The first block, the 28-floor slab block, was demolished by controlled explosion on 10 June 2012.[18] The steel structured tower took just six seconds to fall after a series of carefully timed explosions, using 275 kilograms (606 pounds) of explosive, ripped along the building around the sixth to eighth floors. The second block, the 31-floor point block on Birnie Court was demolished on 5 May 2013,[19] at 11:46 a.m., taking about four seconds to fall.
In April 2014, it was announced that five of the remaining towers would be given a dramatic explosive demolition as part of the 2014 Commonwealth Games opening ceremony.[20] The spectacle would have the five towers simultaneously felled by controlled explosion, with the footage being broadcast live to large screens in Celtic Park.
Former MSP Carolyn Leckie criticised the demolition plans and called for the five flats to be “demolished with dignity, not for entertainment”. She has said “the image of tower blocks coming down is not a positive international spectacle” and suggests it also conveys disregard for the asylum seekers living in the sixth tower, which would remain standing.[21] The demolition plan for the Commonwealth Games was cancelled for safety reasons,[22] but the flats were demolished the following year.
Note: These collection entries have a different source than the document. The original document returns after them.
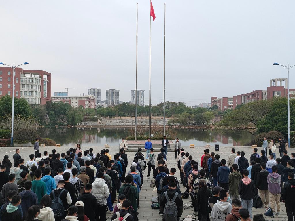 11月21日,国际工学院在云塘校区图书馆前坪隆重举行升旗仪式。国际工学院党总支副书记兼副院长乔法光、学工办全体辅导员、2022级各专业部分学生以及十月诗会朗诵成员参加。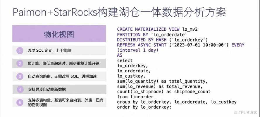 上图右侧 SQL 是描述如何建立一个 StarRocks 异步物化视图。它主要有以下几个特点: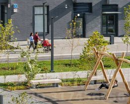 Проект включает шесть домов и многоуровневый паркинг. На первых этажах открываются кафе, магазины и полезные сервисы. А в уютных дворах-парках есть детские и спортивные площадки.

In August 2015, Glasgow Housing Association announced that all six remaining high-rise blocks would be brought down in a one-off demolition later in 2015.[23] The six remaining towers were demolished on 11 October 2015, after Sheriff Court interdicts (the Scottish law equivalent of an injunction) were obtained against a group of residents who refused to leave their nearby homes during the explosions.[24] Two of the six blocks failed to completely collapse and remained partially standing.[25][26] The contractors, Safedem carried out a review to determine the best way of completing the demolition[27] and the partial remains of the two flats were eventually demolished using a high reach excavator.